Tax Updates: September 26th 2023

Consistent with our commitment to provide updated information on current tax issues

Consistent with our commitment to provide updated information on current tax issues

Three new proposed Directives: "BEFIT" - Harmonization of Transfer Pricing Rules - Head Office Tax ("HOT") System for SMEs

On 12 September 2023, the European Commission (EC) issued a proposal for three Directives:

  • A Council Directive on Business in Europe: Framework for Income Taxation (BEFIT)
  • A Council Directive on the harmonization of Transfer Pricing Rules
  • A Council Directive introducing a Head Office Tax (HOT) system for micro, small and medium sized enterprises (SMEs)

More specifically:

Directive proposal for Business in Europe: Framework for Income Taxation (BEFIT)

The proposal aims to replace the previous EC’s proposal for a Common Corporate Tax Base (CCTB) and a Common Consolidated Corporate Tax Base (CCCTB) and provides common rules for determining the corporate tax base for EU-based entities taking into consideration the principles agreed upon under the OECD Pillar One and Pillar Two solutions. Key aspects of BEFIT include:

  • Scope: The rules would apply to EU-based entities that are part of a domestic or multinational group in scope of Pillar Two (i.e. revenue threshold of EUR 750 million). In addition, there would be an opt-in option for SMEs to enable them to benefit from the framework as well.
  • Tax base calculation and consolidation: The proposed rules would require the calculation of a ‘preliminary tax result’ (PTR) by each member of a group by using a ‘simplified method’ (which will include less adjustments to financial statements than the GloBE Model Rules). The PTRs of group members would then be aggregated to form a single BEFIT tax base. The aggregation of PTRs would allow in-scope groups to (i) offset cross-border losses, (ii) avoid paying withholding taxes on certain transactions (e.g. interest and royalty payments within the group), and (iii) simplify transfer pricing compliance in intra-group transactions.
  • Allocation of profits: The rules would require the BEFIT tax base to be allocated to Member States. The allocation to the eligible group members would be based on their percentage of the aggregated tax base (calculated as the average of the taxable results in the three prior fiscal years). Once allocated, Member States may apply any further base increases, tax incentives, or deductions to the company’s allocated part as long as they comply with the Pillar Two requirements. The adjusted allocated profits would then be subject to the corporate income tax rate of the respective Member State.
  • Administration: BEFIT would establish a one-stop shop as a central authority to administer the regime. The ultimate parent entity of the group would generally be required to submit an information return for the entire group with its local tax authority no later than four months after the end of the fiscal year. In addition, each individual BEFIT group member would also be required to file an individual tax return to their local tax administration. The procedural rules in respect of tax return filling, audits and appeals would generally be governed by national law.

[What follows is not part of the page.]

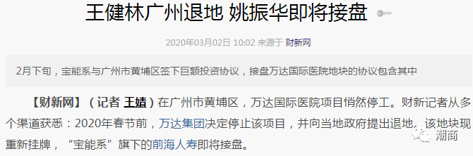 近日,广州开发区规划和自然资源局(简称“广州资规局”)以挂牌方式出让黄埔区YH-A3-8地块的国有建设用地使用权,起拍总价15.47亿元,折合楼面价约3464元/平方米,计划于3月27日限时竞价。该宗地块位于广州市黄埔区长岭居永顺大道以南,总用地面积133252平方米,用地性质为医疗卫生用地、交通场站用地、商业用地兼容其他服务设施用地、兼容社会停车场用地,计容面积44.66万平方米。相对于去年的挂牌信息,本次挂牌起拍价足足提高了2亿元,但计容建面也有所增加,所以楼面价较之去年反而有所降低。有媒体从广州土储交易中心获悉,YH-A3-8地块再次挂牌是由于万达退地。另据知情人透露,目前有神秘人已准备好接手该项目。3月2日,据财新记者从多个渠道获悉:2020年春节前,万达集团决定停止该项目,并向当地政府提出退地。该地块现重新挂牌,“宝能系”旗下的前海人寿即将接盘。2018年10月,万达集团董事长王健林曾赴广州与黄埔区政府签订合作备忘录,约定双方投资建设万达匹兹堡大学医学中心(UPMC)国际医院。当年12月28日,双方签订投资协议,约定项目占地约200亩,建筑面积40万平方米,总投资额约为60亿元。2019年5月20日,万达地产集团底价13.43亿元拿下了黄埔区YH-A3-8医疗地块。去年下半年,该项目施工方已经入场进行前期基础施工。随着该地块被重新摆上货架,外界方知万达放弃了这块地,项目已停工。至于退地原因,万达方面没有透露;有指该地块出让条件严苛,万达无法达到要求,另有消息人士称,因为资金问题,万达要放弃投资周期太长的项目,转向快速现金流项目。巧合的是,3天前,在广州黄埔区举行的2020年第一季度重大项目签约及集中开工动员活动中,姚振华这个新项目,宝能国际总医院(宝能广州国际健康城)作为此次集中动工的重大产业项目之一首次公开亮相。据“南方+”报道,宝能广州国际健康城位于科学城长岭居片区,占地面积13.3万平方米,投资总额66亿元。而这些信息与YH-A3-8地块情况基本吻合。姚振华在现场表示,宝能在黄埔区的总投资已经超过1000亿元,当日动工的三个宝能项目规划总用地面积约48万平方米,总建筑面积超200万平方米,总投资超200亿元。其中,宝能国际总医院项目将规划建设为辐射粤港澳大湾区、拥有超2000张床位的高端医养结合型康养项目。据悉,宝能国际总医院项目将按国际一流标准建设综合医院,引入国内顶级医疗集团合作运营,签约顶级专家定期巡诊、手术,开展技术支持,引进全球尖端的医疗设备,打造国际顶级医学中心和国际顶级老年康养社区。其实,姚振华对于建医院的热情不低,野心也不小。早在2016年,姚老板就公开表示,计划5-10年内投资500亿元在全国兴建10家以上三甲综合医院。彼时,有业内人士分析称,凭借旗下保险业务,宝能可以较好介入到大健康产业,形成“保险-医疗-养老”的生态闭环。而在其官网,该目标如今已经提高到 “未来5-10年将在全国兴建30家以上大型三甲综合医院、专科医院及高端医养结合项目,养老机构床位达到万张以上规模。”事实上,为了达成这个目标,近年来姚振华赴各地考察签下的巨额投资列表中,就包含了多个医疗项目。数据显示,在前海人寿102笔对外投资中,涉及大健康项目的投资有13笔,均为100%持股,项目分布在深圳、西安、海南万宁、南宁等城市。这13家控股子公司中,成立最早的是深圳市前海幸福之家投资管理有限公司,成立于2014年,其旗下运营有深圳幸福之家养老院,资料显示,该项目打造成国内首家居家养老和集中养老结合的示范基地,共有床位500余张。另一个已开业运营的则是前海人寿广州总医院(粤港澳大湾区国际医院),其位于广州增城区,总建面47.23万平方米,规划床位约1800张,于2019年10月12日试运营。据了解,这是国内首家由险资直接全资设立的医院。资料来源:财新网、房地产导刊、乐居财经、黄埔观察等

Previous experience with discussions on the C(C)CTB proposals shows that it may prove challenging for all Member States to reach agreement on a common corporate tax base framework.

The EC proposes that Member States should transpose the BEFIT proposal into domestic law by 1 January 2028, and that the provisions of the Directive should apply as of 1 July 2028. 

Proposal for Transfer Pricing Directive

The proposal relates to the implementation of common rules for determining the transfer pricing approach for EU-based entities, based on OECD principles. In brief, the EC proposes to incorporate the OECD arm’s length principle and ‘OECD Transfer Pricing Guidelines for Multinational Enterprises and Tax Administrations’ in EU law, alongside the gradual development of common approaches in the EU to the practice of applying transfer pricing. The rules would apply to all EU-based companies and permanent establishments.

The EC proposes that Member States should transpose the TP proposal by
31 December 2025 at the latest and that the provisions of the Directive should apply from 1 January 2026.

Directive proposal for Head Office Tax system for SMEs

The Directive proposal allows certain standalone small and medium sized entities (SMEs) with permanent establishments (PEs) in other EU Member States (host Member State) to calculate their tax liability based only on the tax rules of the Member State of their head office. Qualifying SMEs would only need to file a single tax return with the tax administration of their head office and this return would then be shared with other host Member States. The Member State of the head office will apply the rates applicable in the Member State(s) where the SME maintains PEs and, subsequently, transfer the resulting tax revenues to the respective host Member States.

The EC proposes that Member States should transpose the proposal by
31 December 2025 at the latest and that the provisions of the Directive should apply from 1 January 2026.